**ABOUT THIS TASK**
What is needed is an exact copy of the lines in the entries below from the one holding "Мужчина на пикнике" through the one holding "Strawberry Bow Keychain", pictures excluded.

**MATERIAL PROVIDED**
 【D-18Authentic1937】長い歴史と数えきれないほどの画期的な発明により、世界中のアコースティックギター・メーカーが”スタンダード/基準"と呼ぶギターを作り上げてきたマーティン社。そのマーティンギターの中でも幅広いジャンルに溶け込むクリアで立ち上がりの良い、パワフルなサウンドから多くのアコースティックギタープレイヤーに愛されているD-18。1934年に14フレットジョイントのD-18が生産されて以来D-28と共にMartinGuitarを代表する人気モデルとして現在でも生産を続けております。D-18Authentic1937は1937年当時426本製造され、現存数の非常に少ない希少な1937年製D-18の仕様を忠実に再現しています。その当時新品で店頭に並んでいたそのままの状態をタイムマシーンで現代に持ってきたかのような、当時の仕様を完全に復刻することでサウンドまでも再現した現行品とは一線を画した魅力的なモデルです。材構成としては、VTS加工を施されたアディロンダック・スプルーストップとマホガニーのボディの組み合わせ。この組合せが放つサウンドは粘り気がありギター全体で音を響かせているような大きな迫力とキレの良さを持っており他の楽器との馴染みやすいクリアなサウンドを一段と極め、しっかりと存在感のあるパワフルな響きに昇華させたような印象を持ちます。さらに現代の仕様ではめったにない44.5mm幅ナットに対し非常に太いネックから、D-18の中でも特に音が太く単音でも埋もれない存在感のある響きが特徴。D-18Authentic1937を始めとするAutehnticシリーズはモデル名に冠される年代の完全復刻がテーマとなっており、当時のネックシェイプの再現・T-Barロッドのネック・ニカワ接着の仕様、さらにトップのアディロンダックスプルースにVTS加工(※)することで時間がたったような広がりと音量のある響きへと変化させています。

==

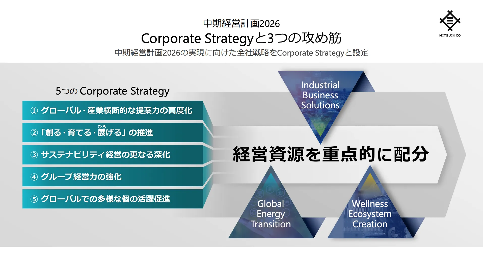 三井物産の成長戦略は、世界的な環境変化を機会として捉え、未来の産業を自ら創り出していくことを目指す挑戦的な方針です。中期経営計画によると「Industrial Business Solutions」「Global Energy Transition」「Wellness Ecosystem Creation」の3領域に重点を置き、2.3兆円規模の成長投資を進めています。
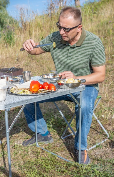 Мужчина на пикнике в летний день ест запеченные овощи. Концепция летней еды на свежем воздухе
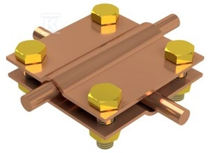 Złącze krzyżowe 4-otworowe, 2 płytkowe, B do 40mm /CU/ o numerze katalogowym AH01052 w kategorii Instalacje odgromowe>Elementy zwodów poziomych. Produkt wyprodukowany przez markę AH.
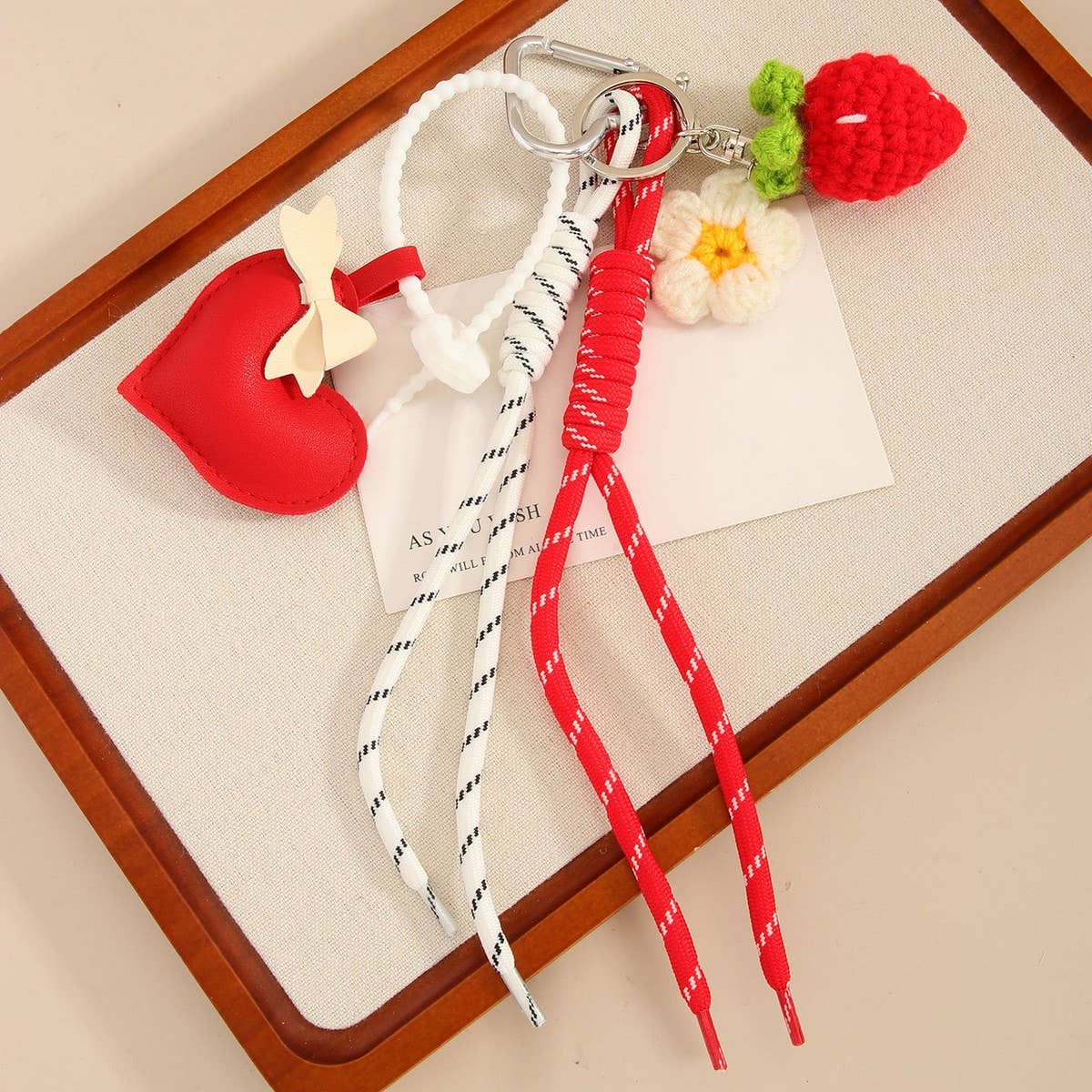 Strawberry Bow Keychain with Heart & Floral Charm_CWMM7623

**TASK OUTPUT**
 Мужчина на пикнике в летний день ест запеченные овощи. Концепция летней еды на свежем воздухе
 Złącze krzyżowe 4-otworowe, 2 płytkowe, B do 40mm /CU/ o numerze katalogowym AH01052 w kategorii Instalacje odgromowe>Elementy zwodów poziomych. Produkt wyprodukowany przez markę AH.
 Strawberry Bow Keychain with Heart & Floral Charm_CWMM7623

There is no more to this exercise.